I have concluded something about a class of functions but need mathematical assurance i.e. supporting theorem perhaps.
Suppose $(x_1, x_2, \cdots, x_{i-1},x_i,x_{i+1},\cdots,x_n) \in \mathcal{R^n_{++}}$.
$h_1(x_2,x_3,\cdots,x_n), h_2(x_1,x_3,\cdots,x_n), h_i(x_{-i}) \in \mathcal{R}$ where $x_{-i}= (x_1,x_2,\cdots,x_{i-1}, x_{i+1},\cdots,x_n) $ It is known that $x_1 \geq x_2 \geq \cdots \geq x_n$ and $h_{i+1}(x_{-(i+1)}) \geq h_{i}(x_{-i}) $ always. When $x_i = x_{i+1}, x_{-i}=(x_1,x_2,\cdots,x_{i-1}, x_{i+1},\cdots,x_n) =x_{-(i+1)}$. The vectors are identical in that case. This leads to $h_{i+1}(x_{-(i+1)}) = h_{i}(x_{-i})$.

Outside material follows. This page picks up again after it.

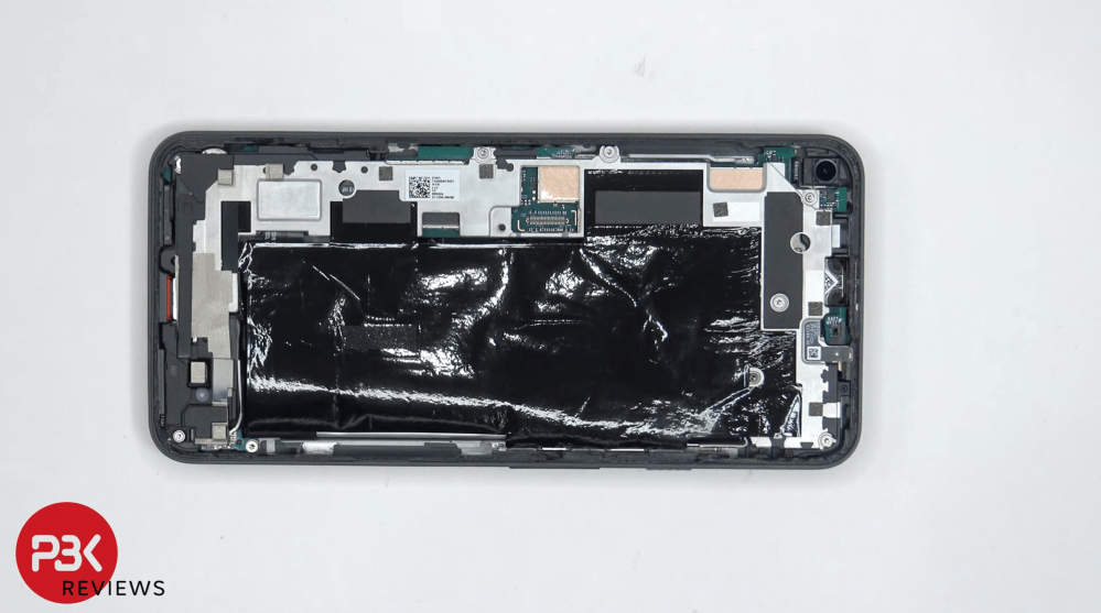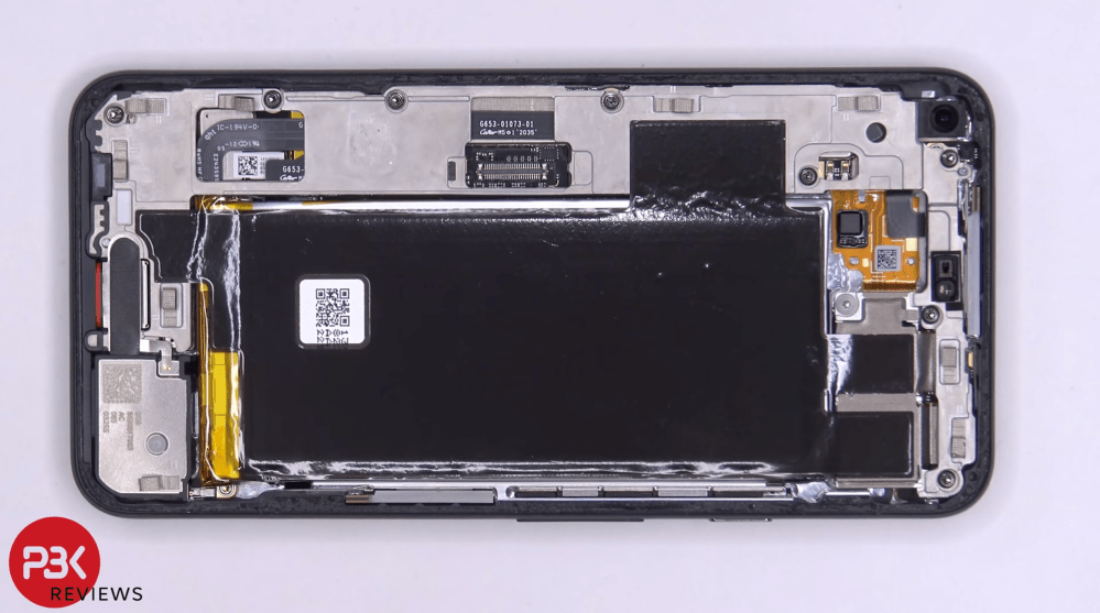 The teardown from PBKreviews starts by showing how the display assembly features clips, just like the Pixel 5, in addition to glue. Once the panel is removed — which fortunately does not have a boxy under-display speaker component — we see a similar layout, down to the graphene film. There is no midframe construction with components attached directly to the rear casing rather than a middle board on the 4a and 4a 5G.

Now suppose $h_i(x_{-i})$ is a linear polynomial like: $h_1(x_2,x_3,\cdots,x_n)= a_{12}x_2 + a_{13}x_3 + \cdots + a_{1n}x_n$.
Then: $h_{i+1}(x_{-(i+1)}) \geq h_{i}(x_{-i}) \implies a_{(i+1)i}x_i- a_{i(i+1)x_i+1} +\sum_{k \neq i,i+1} [a_{(i+1)k} - a_{ik}]x_k \geq 0$. and $\forall k \neq i,i+1$ and $\forall x_k \in \mathcal {R_{++}}$ whenever $x_i=x_{i+1}$, $ a_{(i+1)i}x_i- a_{i(i+1)x_i+1} +\sum_{k \neq i,i+1} [a_{(i+1)k} - a_{ik}]x_k = 0$
Conclusion: $a_{ik}=a_{(i+1)k} \forall k \neq i, i+1$ and $a_{i(i+1)}=a_{(i+1)i}$
The $a_{ik}$ do not depend upon x_i for sure. Is the conclusion valid?